**Data section**
■ ■ ■ ■ ■ ■ ■
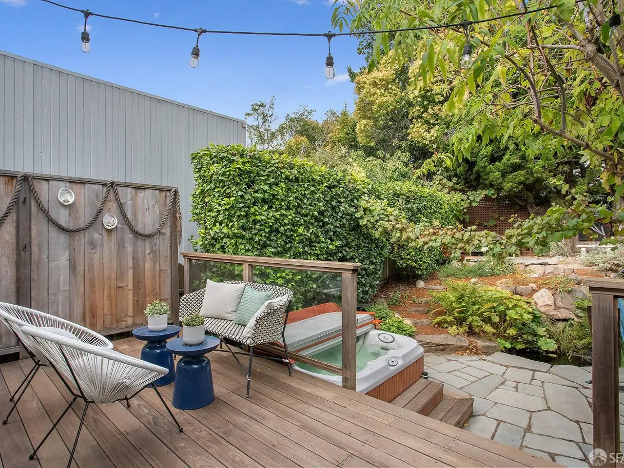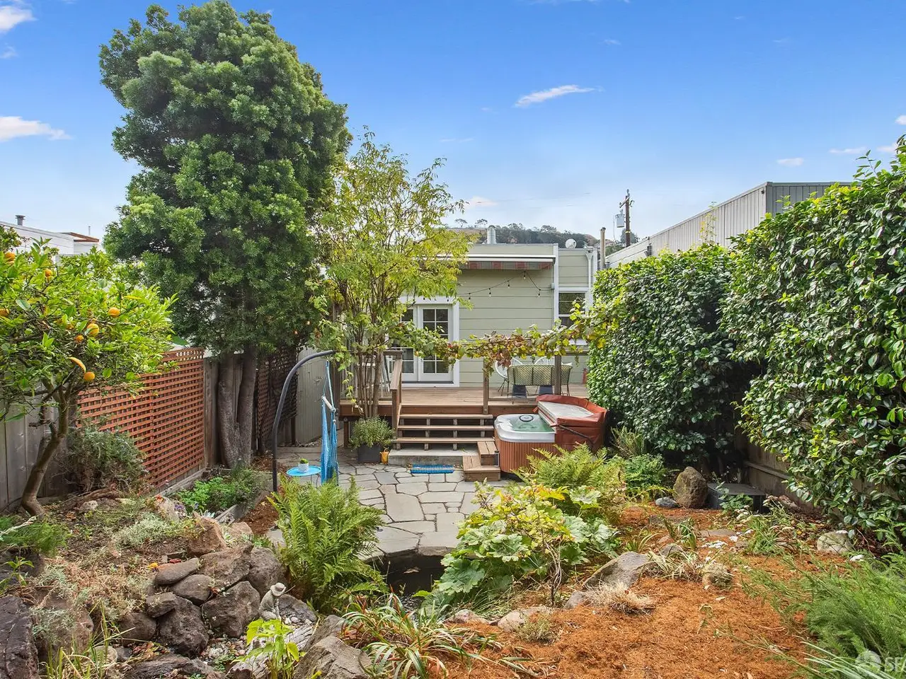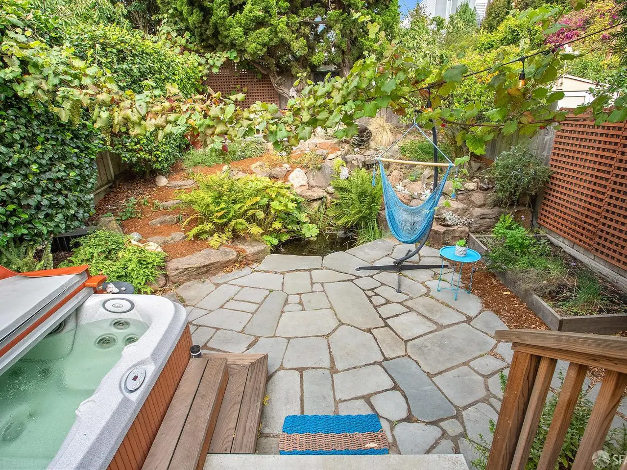 Located on a flat wide street, this home provides easy access to all three of the area's best neighborhoods Bernal Heights, Noe Valley and the Mission. The home has had nice updates while maintaining many of the period details that are highly desirable; warm wood floors, large windows, wood-burning fireplace all in an open concept floor plan. A large yard is easily accessible both from the kitchen and 2nd bedroom, emphasizing indoor/outdoor living. The yard and hardscape offer many options for enjoyment. There is a hot-tub, pond with fountain and several sitting areas all which create a serene sanctuary from city life. A large garage with ample storage, laundry and wine room complete the offering.
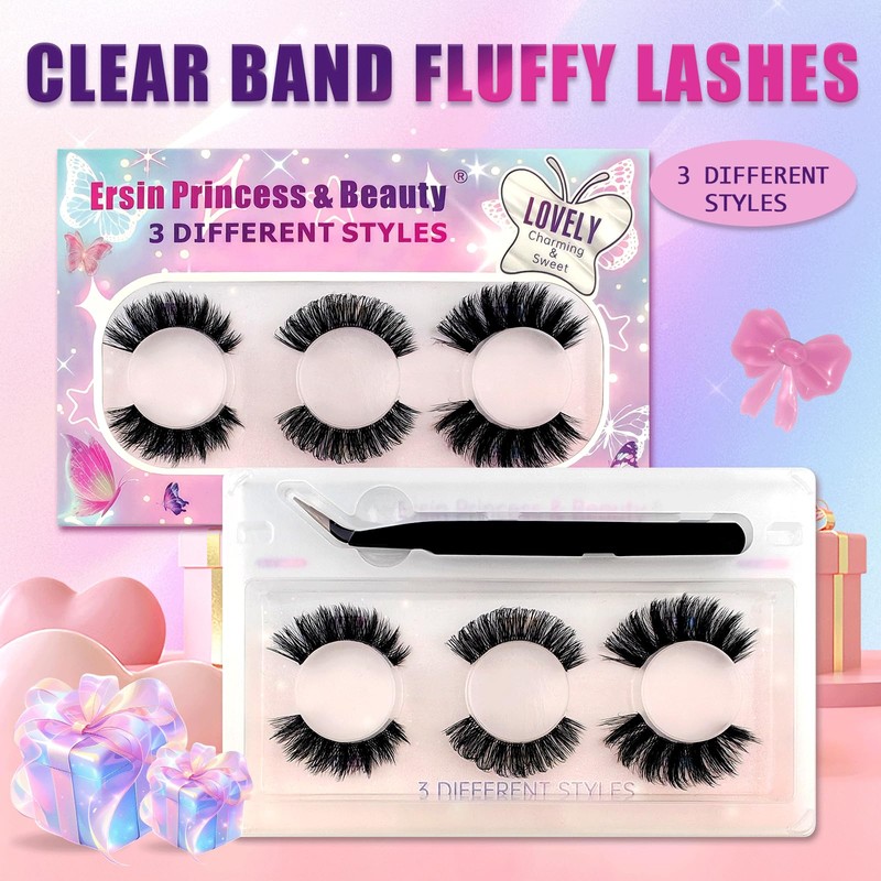 - 3 Stile gemischt D Curl Wimpern Set: 3 Stile gemischt Clear Band D Curl Russische Falsche Wimpern mit Pinzette, sie sind lockiger als herkömmliche künstliche Wimpern und verleihen Ihnen attraktivere Augen. Außerdem spart es mehr Zeit und Geld als Wimpernverlängerungen im Salon.
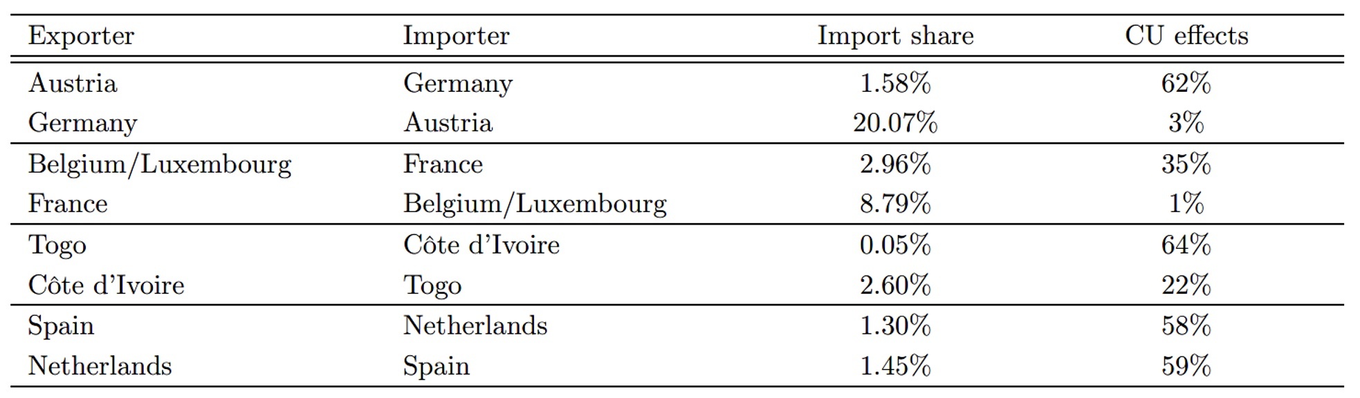 One implication of our results is that the trade effect of currency unions can be heterogeneous within country pairs and therefore asymmetric by direction of trade. For example, Table 1 shows that the effect is large for trade from Austria to Germany (62%). But it is only 3% for trade in the opposite direction from Germany to Austria (given a very large bilateral import share of 20.07%).
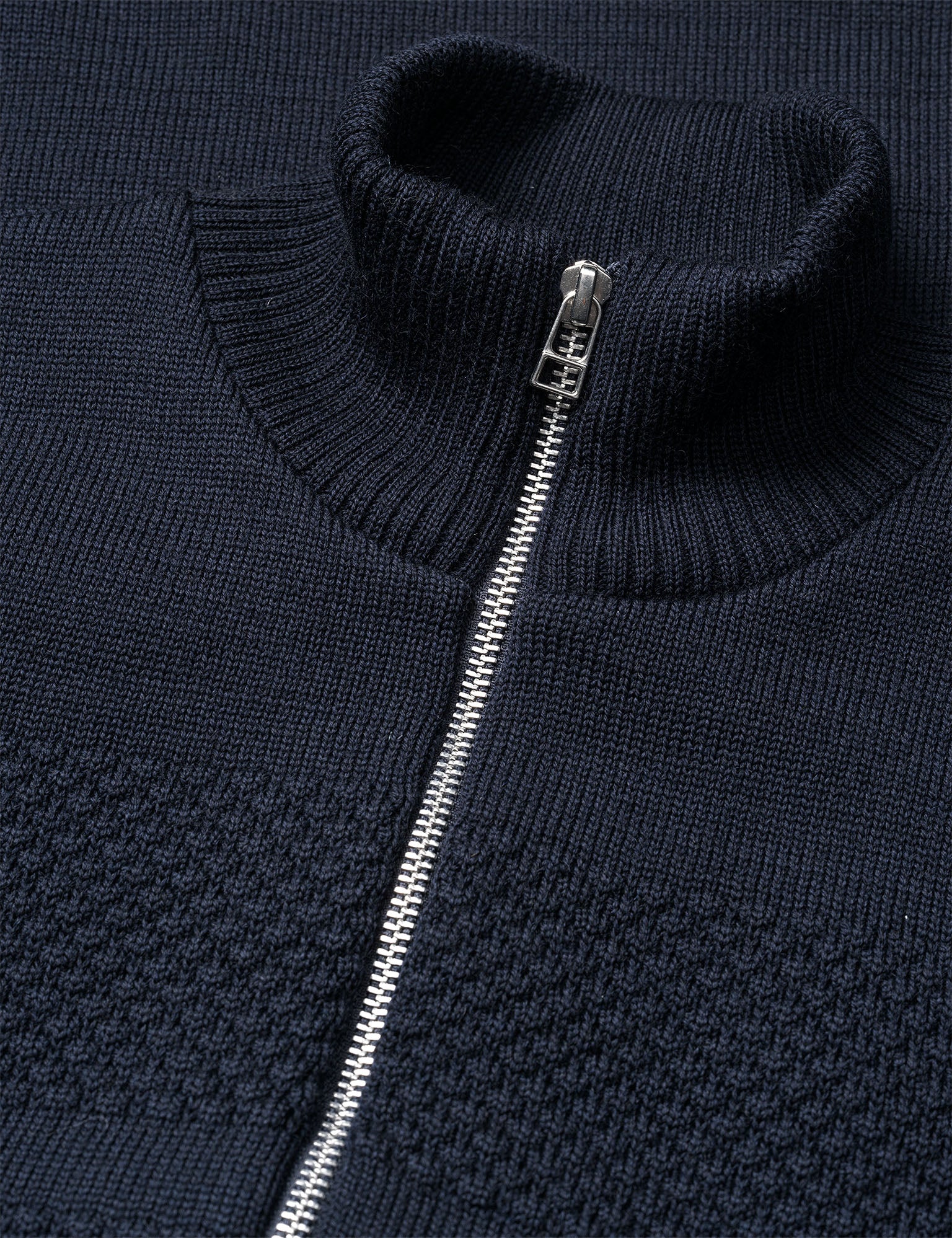 Kraftig sømandsstriktrøje med lynlås til midt på brystet, høj hals og lange manchetter med ombuk.
■ ■ ■ ■ ■ ■ ■
Drop the images, then copy the data exactly.

 Located on a flat wide street, this home provides easy access to all three of the area's best neighborhoods Bernal Heights, Noe Valley and the Mission. The home has had nice updates while maintaining many of the period details that are highly desirable; warm wood floors, large windows, wood-burning fireplace all in an open concept floor plan. A large yard is easily accessible both from the kitchen and 2nd bedroom, emphasizing indoor/outdoor living. The yard and hardscape offer many options for enjoyment. There is a hot-tub, pond with fountain and several sitting areas all which create a serene sanctuary from city life. A large garage with ample storage, laundry and wine room complete the offering.
 - 3 Stile gemischt D Curl Wimpern Set: 3 Stile gemischt Clear Band D Curl Russische Falsche Wimpern mit Pinzette, sie sind lockiger als herkömmliche künstliche Wimpern und verleihen Ihnen attraktivere Augen. Außerdem spart es mehr Zeit und Geld als Wimpernverlängerungen im Salon.
 One implication of our results is that the trade effect of currency unions can be heterogeneous within country pairs and therefore asymmetric by direction of trade. For example, Table 1 shows that the effect is large for trade from Austria to Germany (62%). But it is only 3% for trade in the opposite direction from Germany to Austria (given a very large bilateral import share of 20.07%).
 Kraftig sømandsstriktrøje med lynlås til midt på brystet, høj hals og lange manchetter med ombuk.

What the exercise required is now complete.